↓

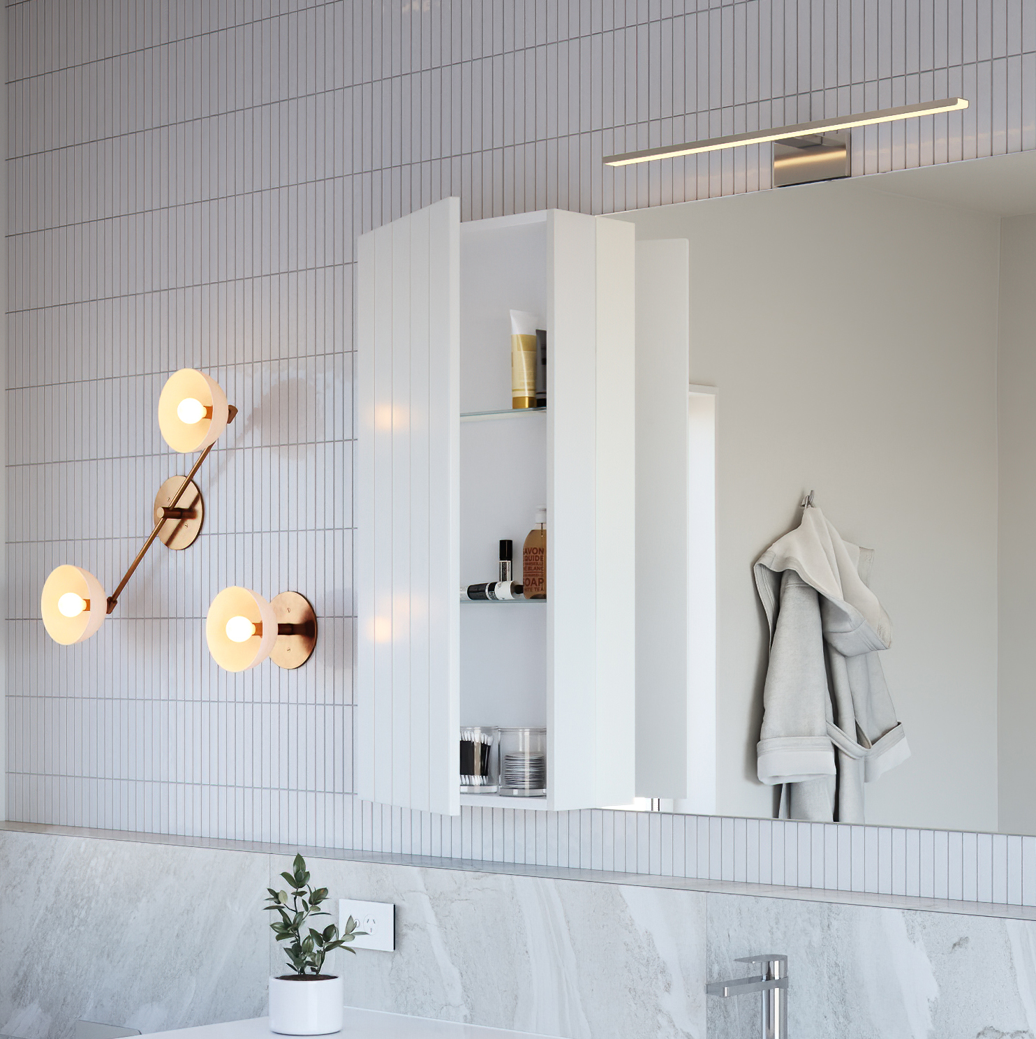 Savoy 50 Benchtop 1800L Wall 2Dr + Right Concealed Dr / 9032BT3-F3 Basin / smartB 7402 White Gloss Top / Cherry Pie Bright White Savoy Mirror 1800 2D / 9163-F3 Setting Colour / Villa Blue Tapware / Greens Textura Wall Basin Mixer w/plate Brushed Brass
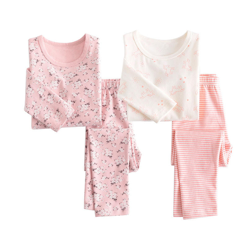ชุดนอนเด็กแขนยาว OA 60 วัน OEM ODM แบบสวมใส่สบาย ชุดนอนผ้าฝ้ายแสนสบาย ชุดนอนเด็กผู้หญิง 2 ชิ้น ชุดนอนเด็กผู้หญิง
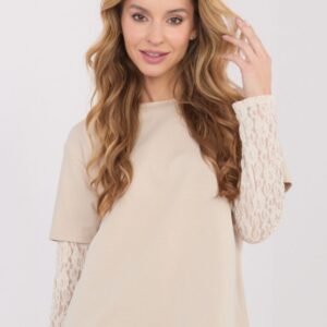 Codzienna damska bluzka o casualowym charakterze łączy prostotę z delikatnym, kobiecym akcentem. Wykonana z wysokiej jakości mieszanki bawełny, nylonu i elastanu jest przyjemna w dotyku, przewiewna i elastyczna, zapewniając komfort noszenia przez cały dzień. Gładki materiał podkreśla uniwersalny styl bluzki, dzięki czemu świetnie sprawdzi się w codziennych stylizacjach. Model ma standardową długość oraz okrągły dekolt, który dodaje klasycznej elegancji. Rękawy w 3/4 wykonane z delikatnej koronki wprowadzają subtelny, efektowny detal, wyróżniając bluzkę spośród klasycznych propozycji. To idealny wybór na co dzień dla kobiet ceniących wygodę połączoną z kobiecym wykończeniem.
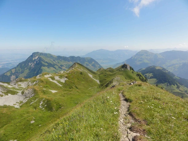 The trail now leads over a panoramic ridge to the Arvigrat. New views open up again and again - from the Pilatus to the Rigi and far into the Mittelland.
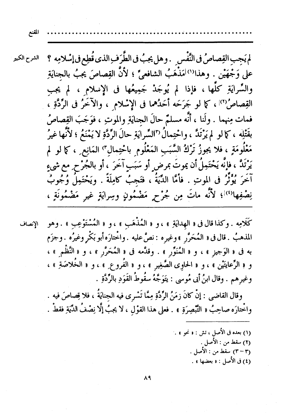 كَلَامِه. وكذا قال فى «الهِدايَةِ»، و «المُذْهَبِ»، و «المُسْتَوْعِبِ». وهو المذهبُ. قال فى «المُحَرَّرِ» وغيرِه: نصَّ عليه. واخْتارَه أبو بَكْرٍ وغيرُه. وجزَم به فى «الوَجيزِ»، و «المُنَوِّرِ». وقدَّمه فى «المُحَرَّرِ»، و «النَّظْمِ»، و «الرِّعايتَيْن»، و «الحاوِى الصَّغِيرِ»، و «الفُروعِ»، و «الخُلاصَةِ»، وغيرِهم. وقال ابنُ أبى مُوسى: يتَوَجَّهُ سقُوطُ القَوَدِ بالرِّدَّةِ.

↑

◆ **What is required**
Write the lines above out again exactly, without any of their pictures.

◆ **Response**
 Savoy 50 Benchtop 1800L Wall 2Dr + Right Concealed Dr / 9032BT3-F3 Basin / smartB 7402 White Gloss Top / Cherry Pie Bright White Savoy Mirror 1800 2D / 9163-F3 Setting Colour / Villa Blue Tapware / Greens Textura Wall Basin Mixer w/plate Brushed Brass
ชุดนอนเด็กแขนยาว OA 60 วัน OEM ODM แบบสวมใส่สบาย ชุดนอนผ้าฝ้ายแสนสบาย ชุดนอนเด็กผู้หญิง 2 ชิ้น ชุดนอนเด็กผู้หญิง
 Codzienna damska bluzka o casualowym charakterze łączy prostotę z delikatnym, kobiecym akcentem. Wykonana z wysokiej jakości mieszanki bawełny, nylonu i elastanu jest przyjemna w dotyku, przewiewna i elastyczna, zapewniając komfort noszenia przez cały dzień. Gładki materiał podkreśla uniwersalny styl bluzki, dzięki czemu świetnie sprawdzi się w codziennych stylizacjach. Model ma standardową długość oraz okrągły dekolt, który dodaje klasycznej elegancji. Rękawy w 3/4 wykonane z delikatnej koronki wprowadzają subtelny, efektowny detal, wyróżniając bluzkę spośród klasycznych propozycji. To idealny wybór na co dzień dla kobiet ceniących wygodę połączoną z kobiecym wykończeniem.
 The trail now leads over a panoramic ridge to the Arvigrat. New views open up again and again - from the Pilatus to the Rigi and far into the Mittelland.
 كَلَامِه. وكذا قال فى «الهِدايَةِ»، و «المُذْهَبِ»، و «المُسْتَوْعِبِ». وهو المذهبُ. قال فى «المُحَرَّرِ» وغيرِه: نصَّ عليه. واخْتارَه أبو بَكْرٍ وغيرُه. وجزَم به فى «الوَجيزِ»، و «المُنَوِّرِ». وقدَّمه فى «المُحَرَّرِ»، و «النَّظْمِ»، و «الرِّعايتَيْن»، و «الحاوِى الصَّغِيرِ»، و «الفُروعِ»، و «الخُلاصَةِ»، وغيرِهم. وقال ابنُ أبى مُوسى: يتَوَجَّهُ سقُوطُ القَوَدِ بالرِّدَّةِ.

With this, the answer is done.